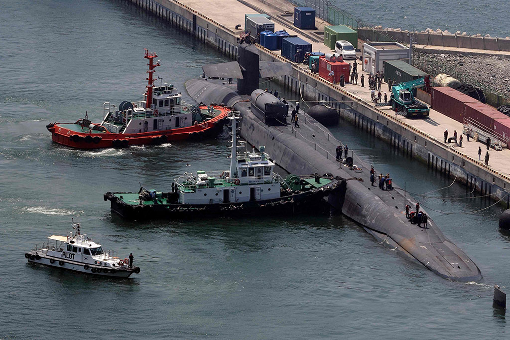 SSGN kelas Ohio, USS Michigan, memasuki pangkalan angkatan laut utama di Busan, 320 kilometer tenggara Seoul, setelah Korut menembakkan dua rudal balistik jarak pendek ke arah Laut Timur pada Kamis, 15 Juni, sebagai bentuk protes terhadap latihan penembakan langsung besar-besaran Korsel-AS yang berakhir sebelumnya pada hari tersebut.
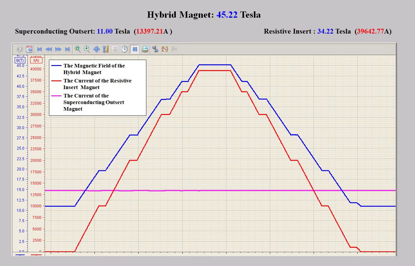 The hybrid magnet at the Steady High Magnetic Field Facility (SHMFF) in Hefei, China set a world record for the highest steady magnetic field by a working magnet when it produced a steady field of 45.22 tesla (T) on Aug. 12.
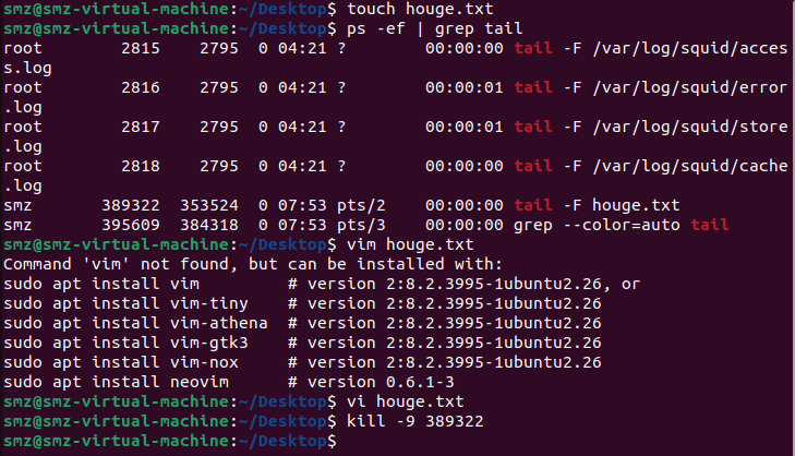 killall命令可以根据名称杀死进程,此处的进程名称是精确匹配。通常进程名称为启动命令中可执行文件的名称。对于tail -F houge.txt启动的进程,其进程名称为tail。
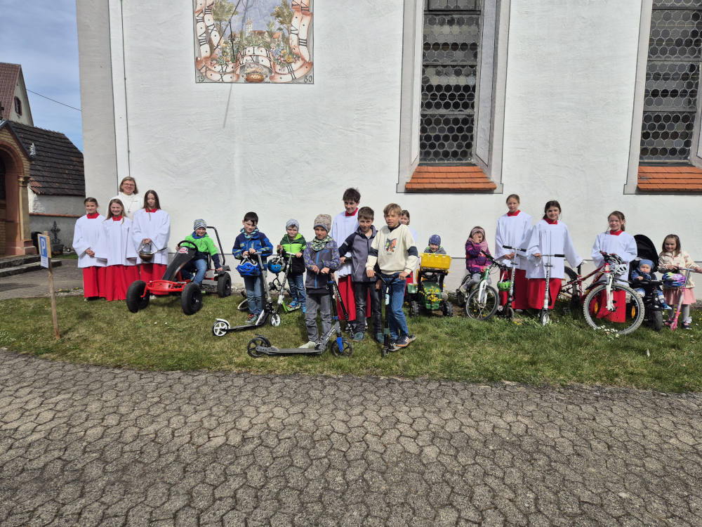 An Ostersonntag wurden bei uns in Dürnau viele Kinderfahrzeuge gesegnet, von Fahrrädern über Roller bis hin zu kleinen Traktoren. Mit Gottes Segen im Gepäck sind unsere jungen Fahrerinnen und Fahrer nun hoffentlich immer sicher unterwegs.
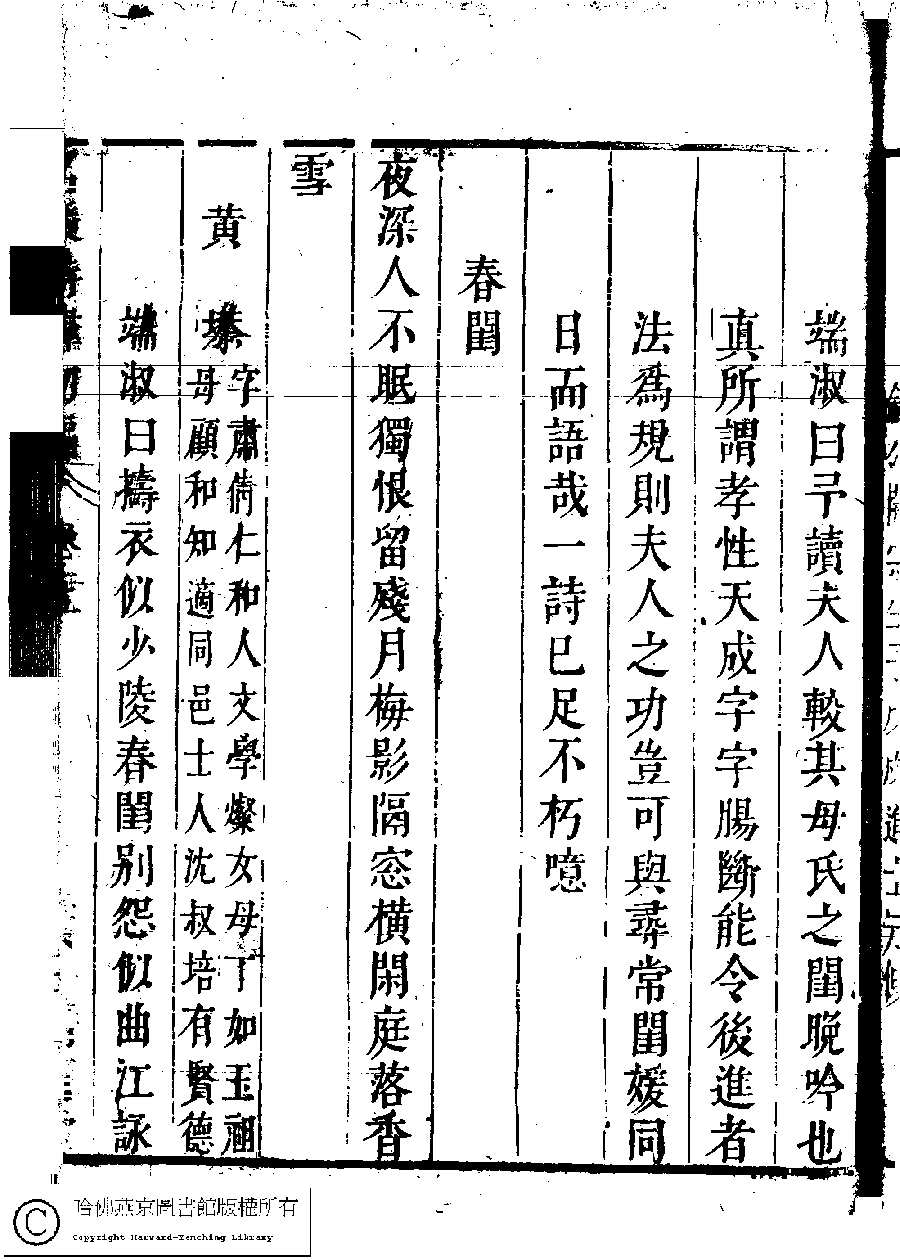 | (PRINT FRIENDLY VERSION) 名媛詩緯初編(清王端淑輯)。清康熙六年(1667)清音堂刻本 ![]() Page : 15.26a | click for larger image | Back |

● ● ●

* _TRY IT_
The preceding entries are to be returned verbatim, with every picture excluded.

* _EXERCISE RESULT_
 SSGN kelas Ohio, USS Michigan, memasuki pangkalan angkatan laut utama di Busan, 320 kilometer tenggara Seoul, setelah Korut menembakkan dua rudal balistik jarak pendek ke arah Laut Timur pada Kamis, 15 Juni, sebagai bentuk protes terhadap latihan penembakan langsung besar-besaran Korsel-AS yang berakhir sebelumnya pada hari tersebut.
 The hybrid magnet at the Steady High Magnetic Field Facility (SHMFF) in Hefei, China set a world record for the highest steady magnetic field by a working magnet when it produced a steady field of 45.22 tesla (T) on Aug. 12.
 killall命令可以根据名称杀死进程,此处的进程名称是精确匹配。通常进程名称为启动命令中可执行文件的名称。对于tail -F houge.txt启动的进程,其进程名称为tail。
 An Ostersonntag wurden bei uns in Dürnau viele Kinderfahrzeuge gesegnet, von Fahrrädern über Roller bis hin zu kleinen Traktoren. Mit Gottes Segen im Gepäck sind unsere jungen Fahrerinnen und Fahrer nun hoffentlich immer sicher unterwegs.
 | (PRINT FRIENDLY VERSION) 名媛詩緯初編(清王端淑輯)。清康熙六年(1667)清音堂刻本 ![]() Page : 15.26a | click for larger image | Back |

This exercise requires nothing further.